Segment Start: RECORDS SHOWN
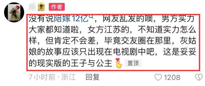 然而针对陪嫁 12 亿的爆料,男方亲友回应了,明确表示没有说陪嫁 12 亿,是网友乱发的,男方的实力大家都知道,女方江苏的,不知道实力怎么样,但肯定不差,还说两人是现实版的王子与公主。
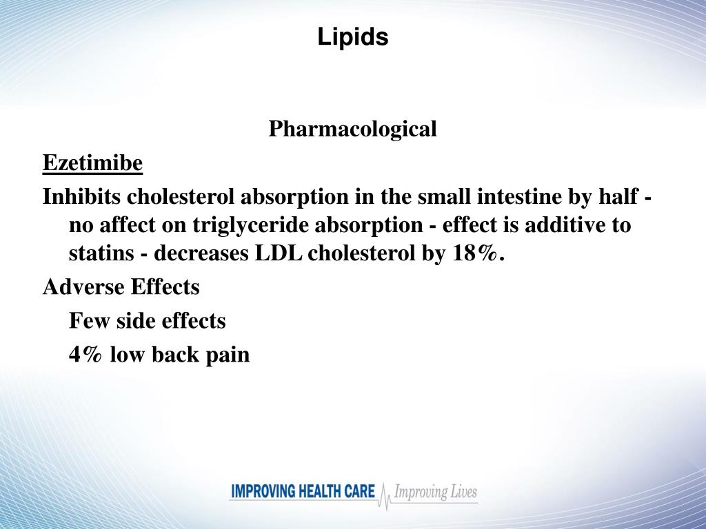 Lipids Pharmacological Ezetimibe Inhibits cholesterol absorption in the small intestine by half - no affect on triglyceride absorption - effect is additive to statins - decreases LDL cholesterol by 18%. Adverse Effects Few side effects 4% low back pain
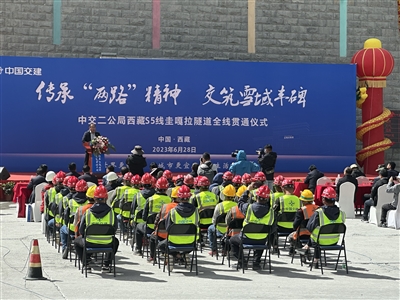 西藏自治區總工會(hui) 黨(dang) 組成員、副主席邊巴,拉薩市副市長鄭衛國,山南市副市長江嘎及中交第二公路工程局有限公司相關(guan) 領導出席貫通儀(yi) 式。
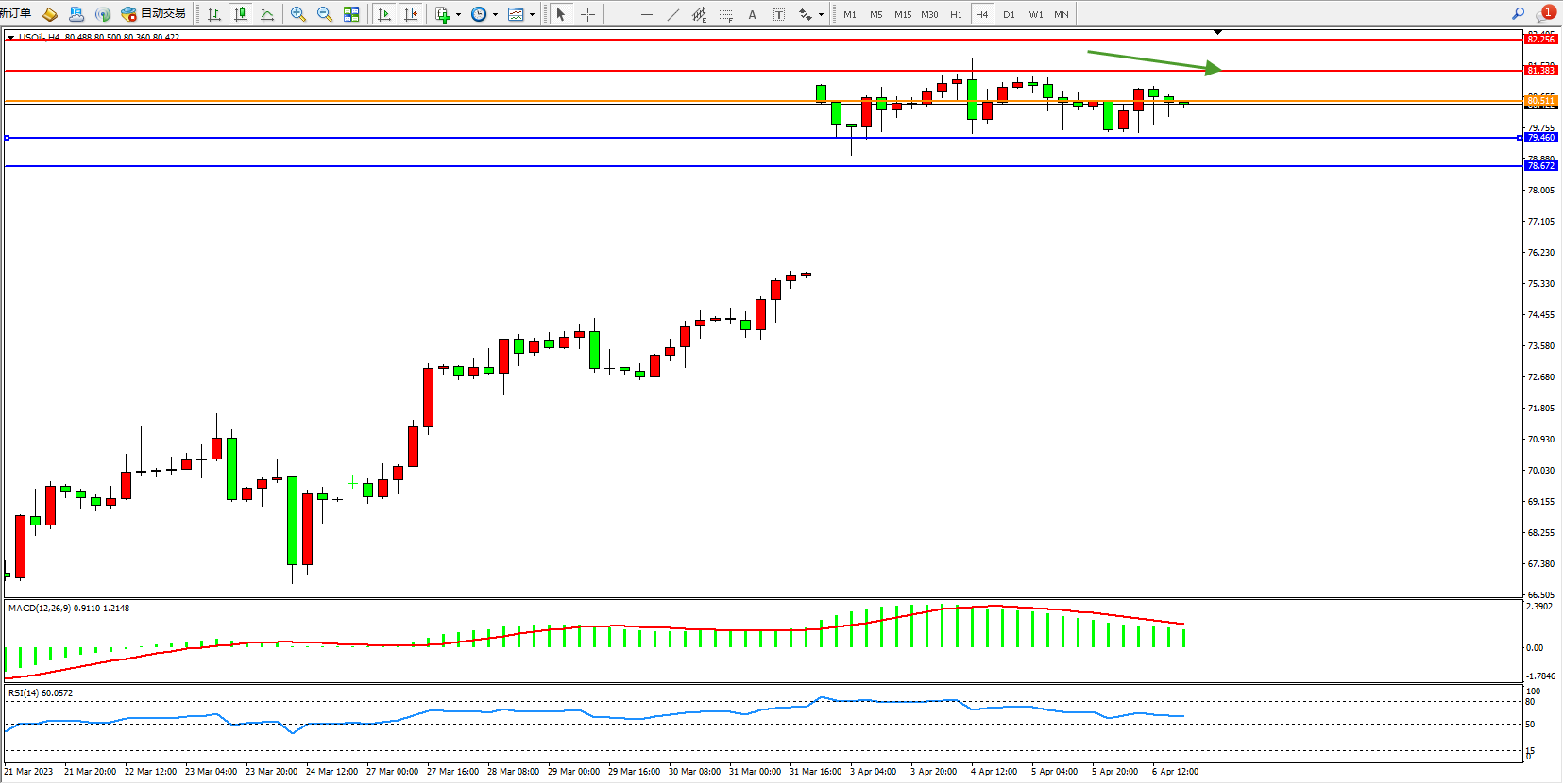 原油USOil——4小时K线图显示:
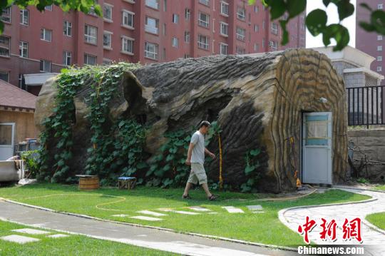 吉林省長(zhǎng)春市近來(lái)出現(xiàn)一所外形酷似樹墩的公共廁所,引來(lái)很多市民的關(guān)注。這座公廁乍一看去像是一尊巨大的樹干,長(zhǎng)約十米左右,直徑約四米。張瑤 攝
Segment End: RECORDS SHOWN
## EXERCISE INSTRUCTIONS
A verbatim copy of every record is required, with all pictures excluded.

## TASK ANSWER
 然而针对陪嫁 12 亿的爆料,男方亲友回应了,明确表示没有说陪嫁 12 亿,是网友乱发的,男方的实力大家都知道,女方江苏的,不知道实力怎么样,但肯定不差,还说两人是现实版的王子与公主。
 Lipids Pharmacological Ezetimibe Inhibits cholesterol absorption in the small intestine by half - no affect on triglyceride absorption - effect is additive to statins - decreases LDL cholesterol by 18%. Adverse Effects Few side effects 4% low back pain
 西藏自治區總工會(hui) 黨(dang) 組成員、副主席邊巴,拉薩市副市長鄭衛國,山南市副市長江嘎及中交第二公路工程局有限公司相關(guan) 領導出席貫通儀(yi) 式。
 原油USOil——4小时K线图显示:
 吉林省長(zhǎng)春市近來(lái)出現(xiàn)一所外形酷似樹墩的公共廁所,引來(lái)很多市民的關(guān)注。這座公廁乍一看去像是一尊巨大的樹干,長(zhǎng)約十米左右,直徑約四米。張瑤 攝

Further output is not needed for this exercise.